Self-Driving Uber Death: 18 Cities That Allow Autonomous Car Testing

The list of U.S. cities running autonomous driving tests is growing at a rapid pace.

by Catie Keck

A death involving Uber’s self-driving car program on Sunday night has raised questions about the future of the burgeoning technology. Even as Uber announced Monday that it had paused its pilot program, autonomous driving has become a prolific phenomenon in cities nationwide.

The Sunday incident is believed to be the first death to result from self-driving vehicle technologies. An Uber spokeswoman told The New York Times that the rideshare company was “fully cooperating” with authorities and that it had suspended its autonomous car programs in Tempe, Pittsburgh, San Francisco, and Toronto. However, according to data recorded by the the Global Atlas of Autonomous Vehicles in Cities, a collaboration between Bloomberg Philanthropies and the Aspen Institute, there are still many other cities running autonomous vehicle pilot programs nationwide.

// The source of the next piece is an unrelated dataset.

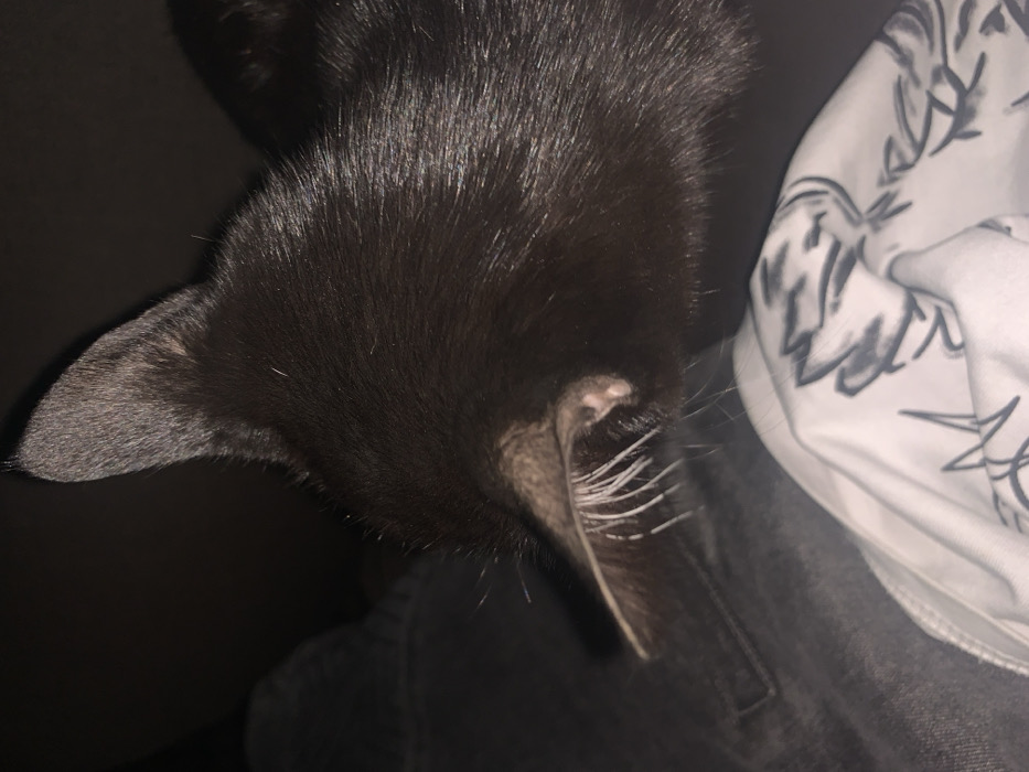 - "A black domestic cat is depicted from a top-down perspective, showing the posterior aspect of its head and its prominent left ear" by FM-VmBw42, licensed under CC BY 4.0

An animated GIF shows an Uber self-driving car on the streets of Pittsburgh.

  • As of October 2017, cities with programs currently underway included the following municipalities. New York state announced last year it would allow General Motors to test its self-driving vehicles early this year.
  • Arlington, Texas
  • Austin, Texas
  • Boston, Massachusetts
  • Chandler, California
  • Concord, California
  • Denver, Colorado
  • Detroit, Michigan
  • Gainesville, Florida
  • Greenville, South Carolina
  • Knoxville, Tennessee
  • Las Vegas, Nevada
  • Reno, Nevada
  • San Antonio, Texas
  • San Francisco, California
  • San Jose, California
  • San Ramon, California
  • Tampa, Florida
  • Washington, DC

NBC News reported Monday the Uber vehicle was “rolling in autonomous mode” mode when it struck a pedestrian who was crossing the street late Sunday evening. The woman, identified by police as 49-year-old Elaine Herzberg, was transported to the hospital and later died of her injuries, police tell Inverse.

The list of U.S. cities — and those internationally — running autonomous driving pilots is growing at a rapid pace, as companies like Telsa, General Motors, Apple, and more race to corner the future market of self-driving vehicles. The event could raise serious questions about public testing of the technology.

On Monday, Uber’s CEO responded to the fatality on Twitter, but didn’t reveal much about Uber’s plans for their self driving tech. “Some incredibly sad news out of Arizona,” Dara Khosrowshahi tweeted. “We’re thinking of the victim’s family as we work with local law enforcement to understand what happened.”